DOCUMENTOS - ARTÍCULOS DE OPINIÓN

MUJERES

"ESTE OTRO MAYO" ALICIA POZA
(La Opinión, 17-5-2008)

Alicia PozaMayo de 2008, cuarenta años después de aquel otro mítico mayo en el que la vida de las sociedades desarrolladas se puso patas arriba. Los principios de autoridad que durante siglos habían funcionado, fueron cuestionados. Yo seguí los acontecimientos a través de la tele, no tenía edad para hacer otra cosa. En blanco y negro veía desfilar ante mí imágenes de chicos y chicas corriendo delante de la policía o parapetados detrás de las barricadas de adoquines. No viví el 68, pero crecí bajo su influencia.
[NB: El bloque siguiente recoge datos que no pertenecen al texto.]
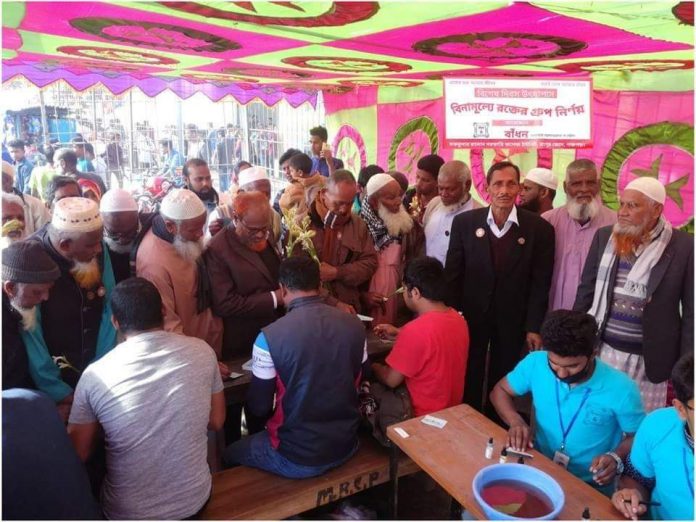 পঞ্চগড়ে “বাঁধন” এর অায়োজনে বিনামূল্যে রক্তের গ্রুপ নির্ণয়
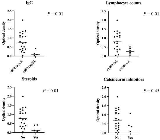 Anti-S1 titers after the second dose in each subgroup of transplant patients. Median optical density of antibody levels in patients with low IgG levels (<600 mg/dL), steroid treatment and low lymphocytes (<1000/μL) was significantly lower than in the other patients. There was no significant difference in S1-antibody titers between the group taking calcineurin inhibitors and the group not taking them (p = 0.45).
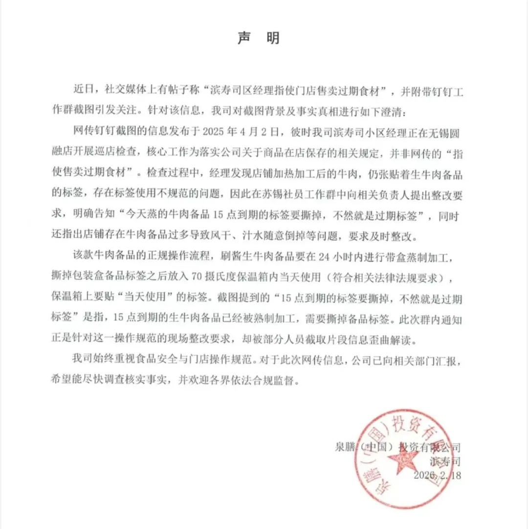 滨寿司在2月18日,也就是大年初一,紧急发布声明,对截图背景和事实真相进行澄清。首先滨寿司确认了截图的真实性,并且指出,截图信息发布并非近日,而是在2025年4月2日。并且说明了事发背景:滨寿司小区经理正在无锡圆融店开展巡店检查,核心工作为落实公司关于商品在店保存的相关规定,并非网传的“指使售卖过期食材”。
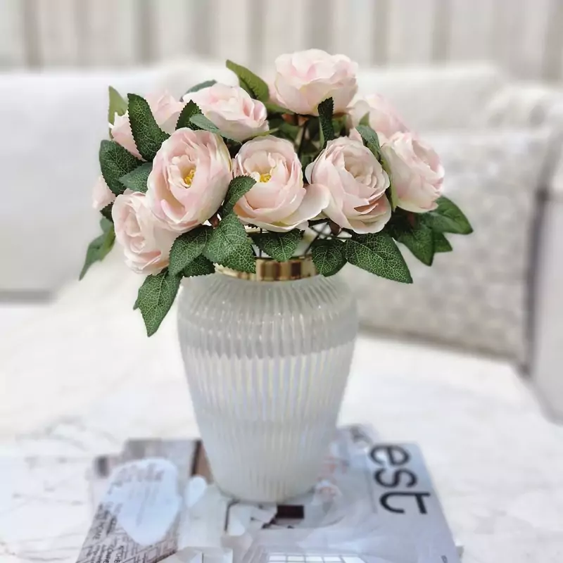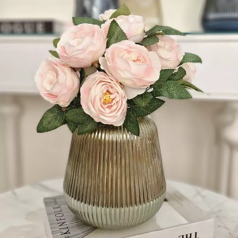 گل مصنوعی رز پیونی یه بوته 7 گل متوسط داره
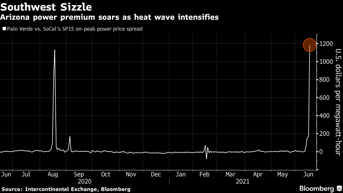 Meanwhile, traders betting that the intensifying heat will lead to electricity shortages across the western U.S. have driven a key spread between power prices in Arizona and those in the Los Angeles area to the widest it has ever been. Electricity regularly travels between Southern California, the Pacific Northwest and the Southwest, depending on which region needs it. But the blown-out spread reflects an increasingly uncomfortable truth: Climate change has brought about such extreme weather for all three regions that, at times, there isn’t enough power to go around.
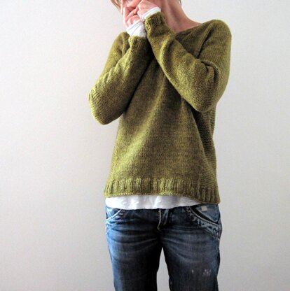 This sweater is worked seamlessly from the top down. The back of this sweater is worked in garter st, the front and the sleeves are worked in St st. while short-rows are used to shape the neck. The garter st part of the back flows slowly towards the front by working decreases/ increases. Some final short-rows are worked right before the bottom ribbing to create a slightly longer back and equalize the difference in length between garter st and St st. Neck finishing is worked last. You choose between option 1 (scoop neck) or option 2 (cowl neck).
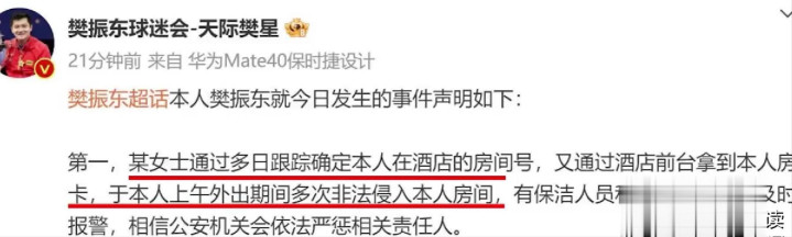 更让他崩溃的是私东说念主活命被透顶滋扰,2023年4月,又名生分女子通过追踪拿到他的酒店房卡,屡次违规闯入他的房间,出动他的物品,他报警维权,却只换来心扉上难以祛除的猬缩,致使家东说念主也遭无端搅扰,连外出买东西齐被跟拍围堵。
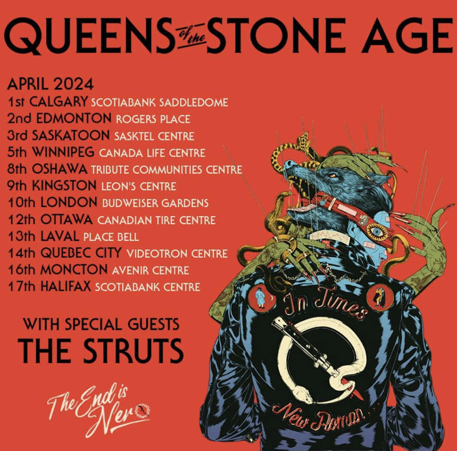 Queens of the Stone Age ha anunciado una serie de fechas de gira para 2024. A ellos se unirán The Struts para un breve recorrido por Canadá. La carrera comienza el 1 de abril en Scotiabank Saddledome en Calgary, Alberta y finaliza el 17 de abril en Scotiabank Center en Halifax, Nueva Escocia.
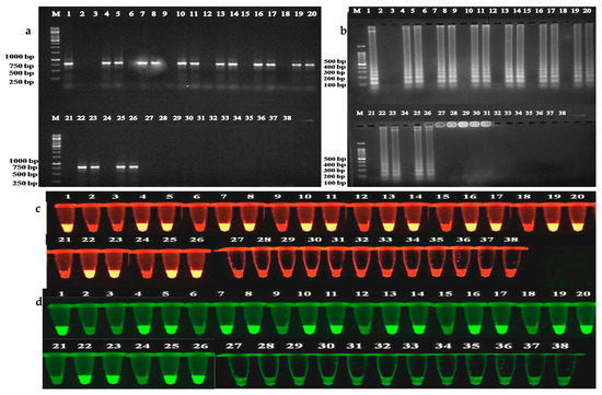 Figure 6. Immunocapture assays for samples from various host plants suspected to be infected with begomoviruses and their visualization on agarose gel using dyes (a) IC-PCR, (b) IC-LAMP, (c) EtBr, and (d) VeriPCR dyes. Lane M: 1 kb DNA marker; Lane 1: Positive control (Infected ridge gourd); Lane 2: Negative control (Buffer); Lane 3: Healthy ridge gourd; Lane 4, 5: Infected ridge gourd; Lane 6: Healthy watermelon; Lane 7, 8: Infected watermelon; Lane 9: Healthy cucumber; Lane 10, 11: Infected cucumber; Lane 12: Healthy pumpkin; Lane 13, 14: Infected pumpkin; Lane 15: Healthy bitter gourd; Lane 16, 17: Infected bitter gourd; Lane 18: Healthy bottle gourd; Lane 19, 20: Infected bottle gourd; Lane 21: Healthy sponge gourd; Lane 22, 23: Infected sponge gourd; Lane 24: Healthy tomato; Lane 25, 26: Infected tomato; Lane 27: Healthy chilli; Lane 28, 29: Infected chilli; Lane 30: Healthy capsicum; Lane 31, 32: Infected capsicum; Lane 33: Healthy cowpea; Lane 34, 35: Infected cowpea; Lane 36: Healthy French bean; Lane 37, 38: Infected French bean.
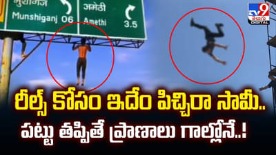 సోషల్ మీడియా విస్తృతి పెరిగిన తర్వాత ప్రతీ ఒక్కరికీ రీల్స్ పిచ్చి పెరిగిపోయింది. సోషల్ మీడియాలో పాపులర్ అవ్వాలని ప్రాణాలకు సైతం తెగించి రీల్స్ చేస్తున్నారు. లైక్స్ కోసం లైఫ్ని రిస్క్లో పడేసుకుంటున్నారు. అలాంటి ఘటనే ఒకటి ఉత్తరప్రదేశ్లో చోటుచేసుకుంది. ఓ యువకుడు రోడ్డుమీద ఉండే సైన్ బోర్డు పైకి ఎక్కి పులప్స్ చేశాడు. ప్రస్తుతం ఈ వీడియో సోషల్ మీడియాలో వైరల్ అవుతోంది. ఈ వీడియో చూసిన నెటిజన్లు రకరకాలుగా స్పందిస్తున్నారు. అమేదీ లోని జాతీయ రహదారిపై ఓ యువకుడు రోడ్డుపై ఉండే సైన్బోర్డు పైకి ఎక్కి పులప్స్ చేశాడు. నేల నుంచి 10 మీటర్లకు పైగా ఎత్తులో వేలాడుతూ స్టంట్లు చేశాడు. మరో యువకుడు కూడా పైకి ఎక్కి అతడి వీడియో తీశాడు. ఏ మాత్రం పట్టు జారినా ప్రాణాలు ప్రమాదంలో పడేవి. సోషల్ మీడియాలో వైరల్ అవుతున్న ఈ వీడియోపై నెటిజన్లు భిన్నరకాలుగా స్పందించారు. ప్రాణాలు చాలా విలువైనవి. రీల్స్ కోసం ఇలా తెగించడం సరికాదు అని ఒకరు.. ‘‘రీల్స్ కోసం ప్రమాదకర స్టంట్లు చేస్తూ ప్రాణాలు కోల్పోయిన ఘటనలు చూసినా.. కొందరిలో మాత్రం మార్పు రావడం లేదని మరొకరు..
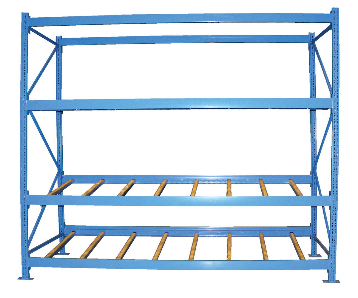 Each model by Gold Key Equipment is 84 "high and requires assembly to join it. However, units can be connected for more depth and have a baked-in powder coat finish for increased robustness. The storage level for gravity flow includes one cross support, five box guide rails, and four pairs of roller tracks.

Cabellos largos y ropas de vivos colores, protestas contra la guerra, rebelión contra el poder de los padres, de las costumbres, del Estado, de la ley. En aquel mayo del 68, la liberación personal y la liberación social se dieron la mano. En la segunda mitad de los sesenta y a lo largo de los setenta, surgieron con fuerza multitud de movimientos sociales: estudiantes, pacifistas, ecologistas, feministas, homosexuales, etc. Mayo del 68 quiso crear una nueva sociedad más justa, abierta y creativa, donde fuera posible la libertad sexual y un trato más cercano entre mujeres y hombres, padres e hijos, profesores y alumnos, patronos y empleados, políticos y ciudadanos. Se buscaba una ruptura total con las jerarquías tradicionales. Para los jóvenes del 68, el viejo mundo ya no se sostenía.

Fue un gran movimiento contracultural, que se nutrió de muchas fuentes: la lucha contra la guerra del Vietnam y la segregación racial en Estados Unidos, la primavera de Praga y otras formas de disidencia en los países comunistas, las comunas hippies,…. Indudablemente, consiguió que comenzaran a cambiar las formas de vida. Así nos lo recuerda Daniel Cohn Bendit, uno de sus líderes y hoy parlamentario europeo. Se pusieron en cuestión las viejas formas de lo político, tanto en el Este como en el Oeste. Se rechazó al mismo tiempo el autoritarismo y el consumismo. Fue un movimiento espontáneo, abierto, alegre y radical (“Sed realistas, pedid lo imposible”), que cogió por sorpresa a todo el mundo y que reclamaba abiertamente la democracia participativa.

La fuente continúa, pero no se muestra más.